:: Work to be completed ::
Skipping all pictures, please restate word for word the lines from the one that contains "写真7は、うなずき湖です。正面に湖面橋とその奥に宇奈月ダム堰堤が見えます。" through the last line of the entries.

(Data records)
==================================================

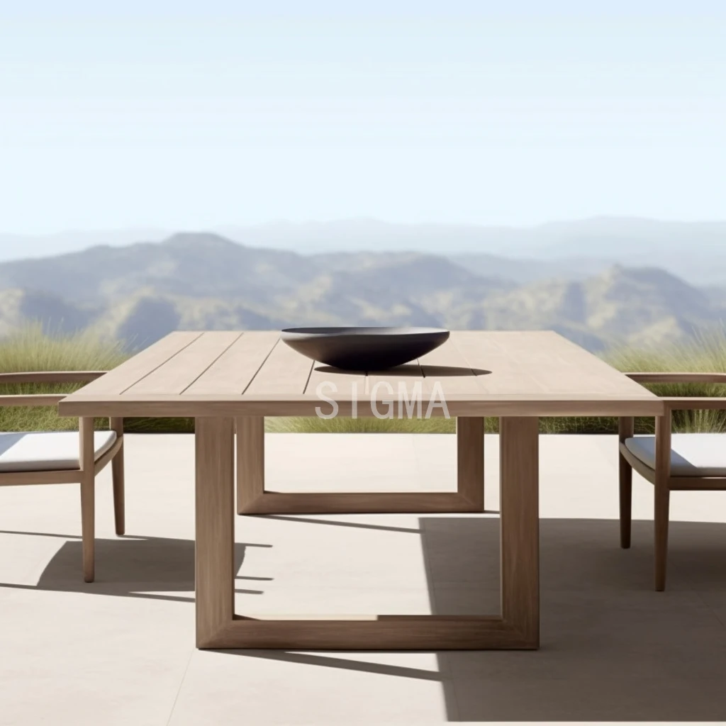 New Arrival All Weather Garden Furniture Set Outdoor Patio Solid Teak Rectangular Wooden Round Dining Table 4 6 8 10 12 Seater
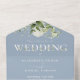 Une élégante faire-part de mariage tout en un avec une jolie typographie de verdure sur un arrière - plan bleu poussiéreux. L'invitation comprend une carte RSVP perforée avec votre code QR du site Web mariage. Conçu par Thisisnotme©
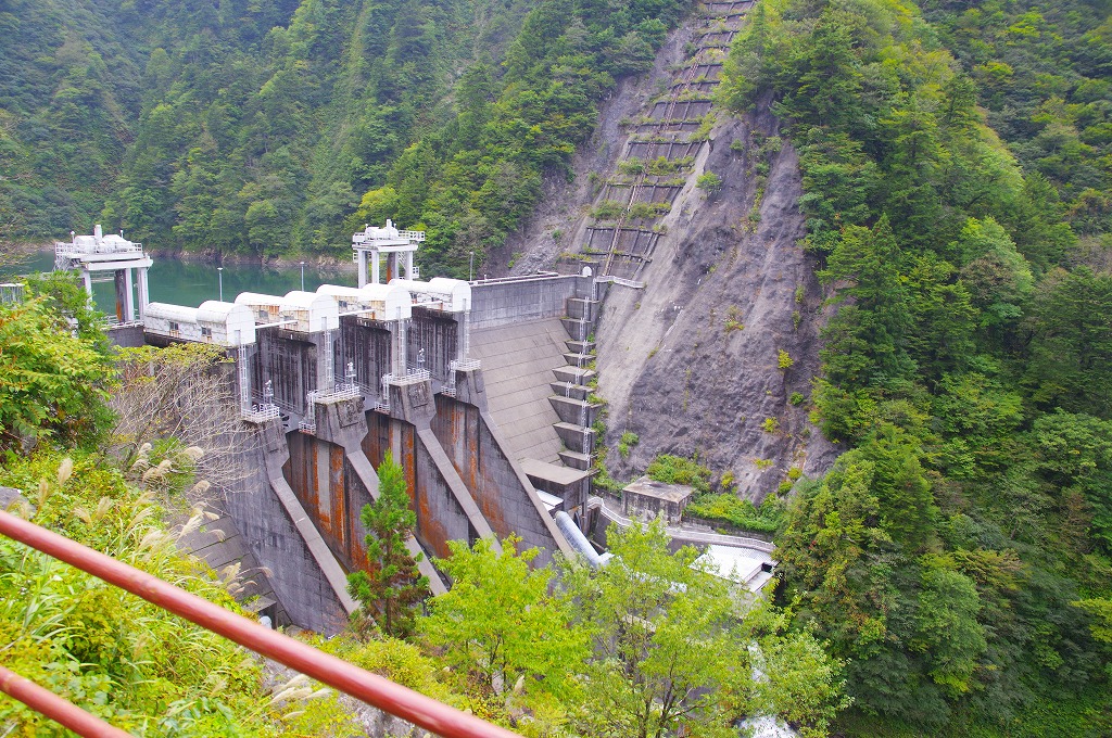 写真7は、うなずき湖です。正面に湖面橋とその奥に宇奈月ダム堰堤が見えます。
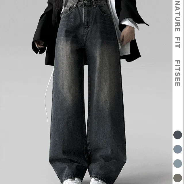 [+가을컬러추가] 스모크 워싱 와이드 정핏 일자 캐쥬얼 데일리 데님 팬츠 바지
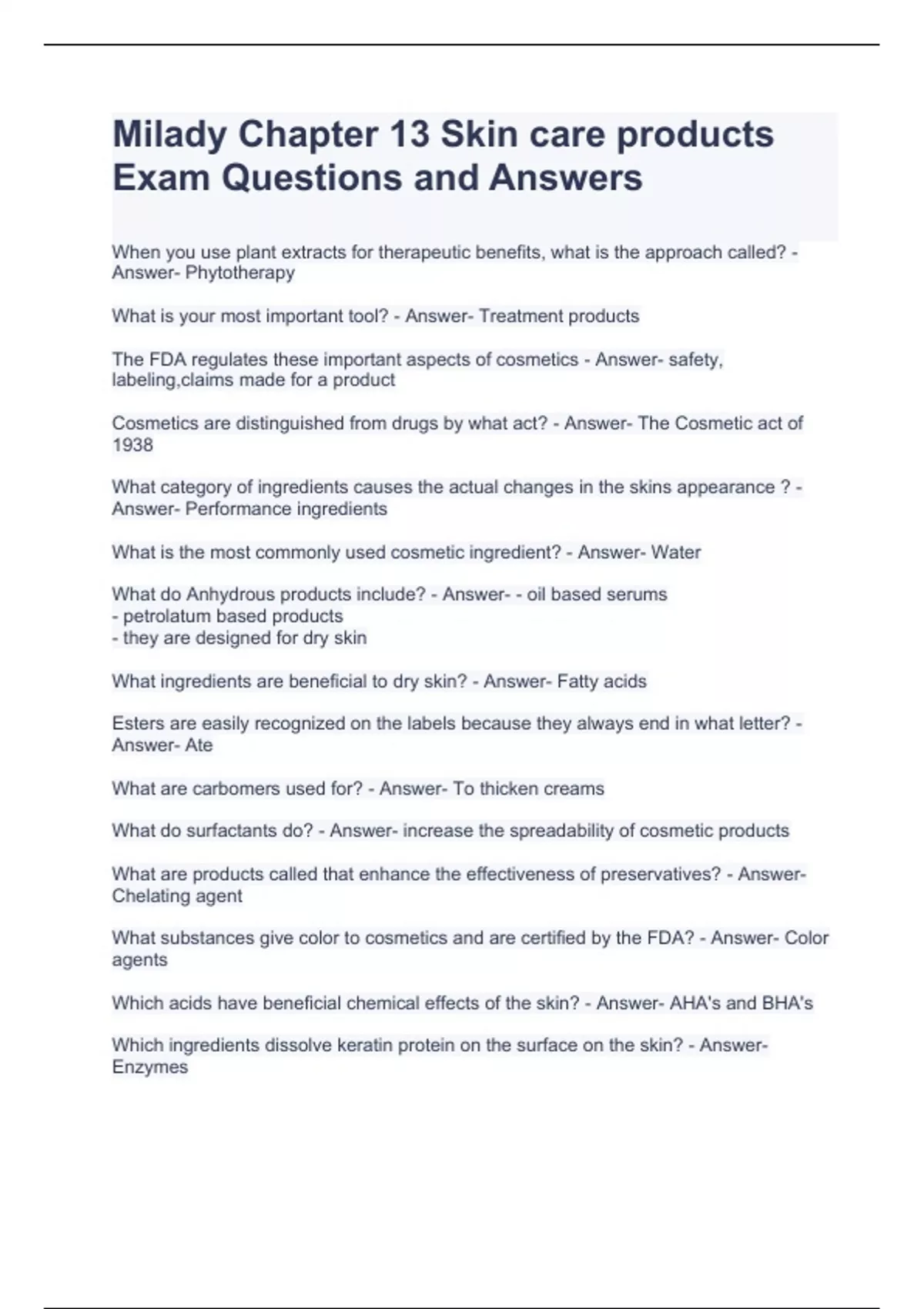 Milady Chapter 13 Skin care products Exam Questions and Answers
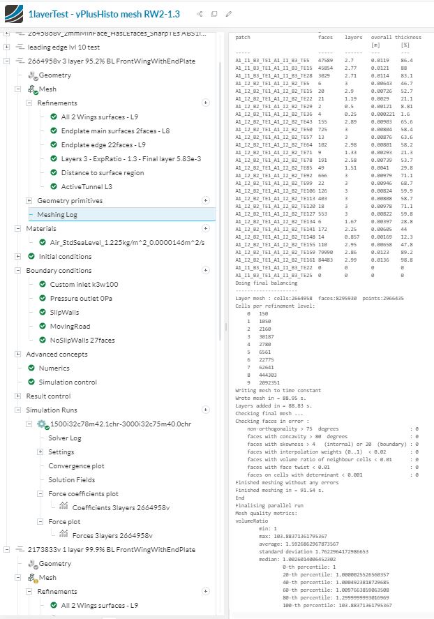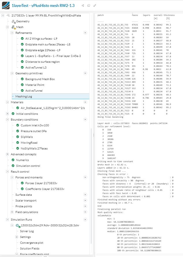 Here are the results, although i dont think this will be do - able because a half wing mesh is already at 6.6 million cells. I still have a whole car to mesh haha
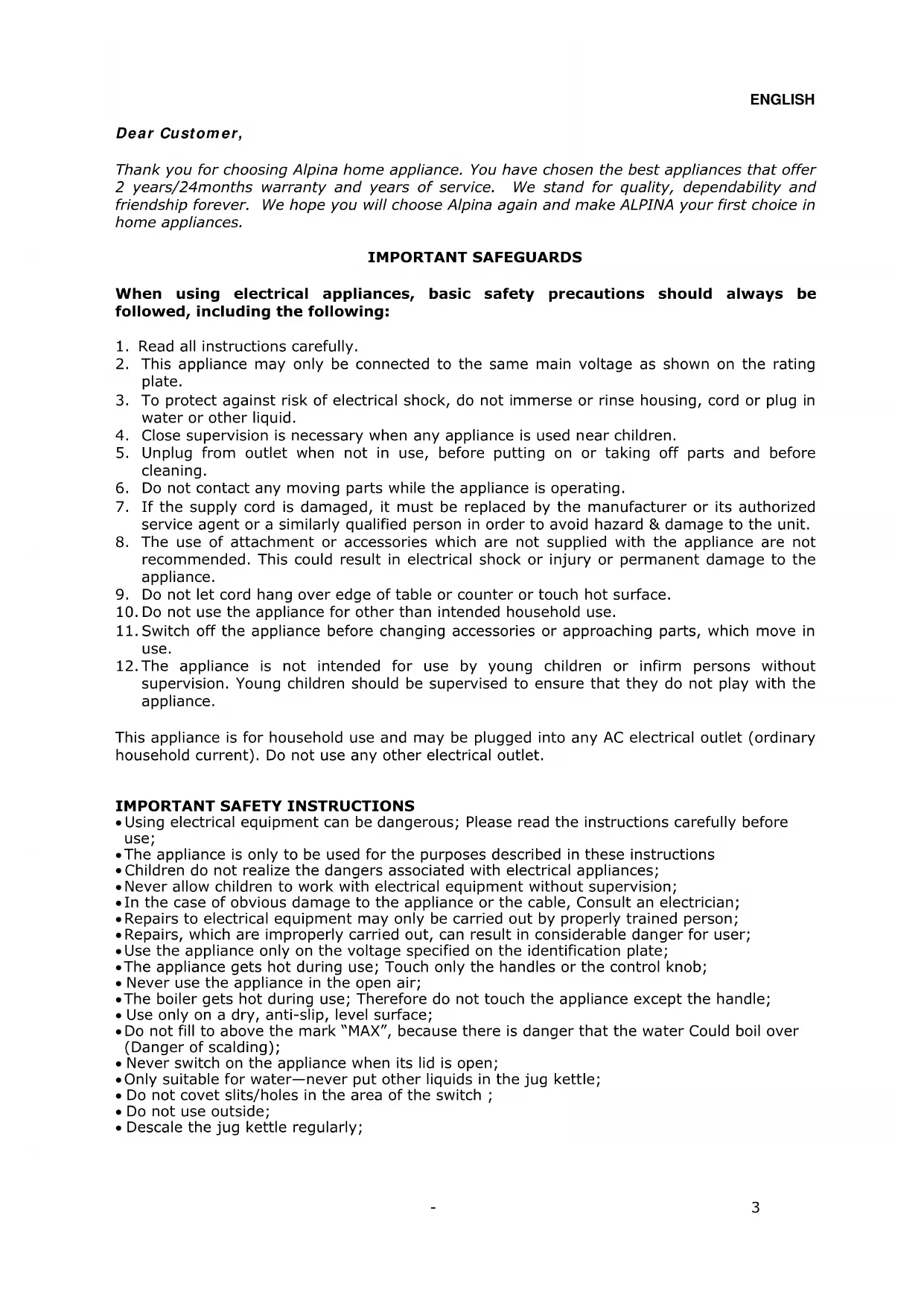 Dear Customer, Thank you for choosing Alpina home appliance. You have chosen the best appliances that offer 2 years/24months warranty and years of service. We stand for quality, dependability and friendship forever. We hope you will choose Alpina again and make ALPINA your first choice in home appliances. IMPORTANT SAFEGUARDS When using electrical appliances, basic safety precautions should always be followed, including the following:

==================================================

:: Completed task ::
 写真7は、うなずき湖です。正面に湖面橋とその奥に宇奈月ダム堰堤が見えます。
 [+가을컬러추가] 스모크 워싱 와이드 정핏 일자 캐쥬얼 데일리 데님 팬츠 바지
 Milady Chapter 13 Skin care products Exam Questions and Answers
 Here are the results, although i dont think this will be do - able because a half wing mesh is already at 6.6 million cells. I still have a whole car to mesh haha
 Dear Customer, Thank you for choosing Alpina home appliance. You have chosen the best appliances that offer 2 years/24months warranty and years of service. We stand for quality, dependability and friendship forever. We hope you will choose Alpina again and make ALPINA your first choice in home appliances. IMPORTANT SAFEGUARDS When using electrical appliances, basic safety precautions should always be followed, including the following:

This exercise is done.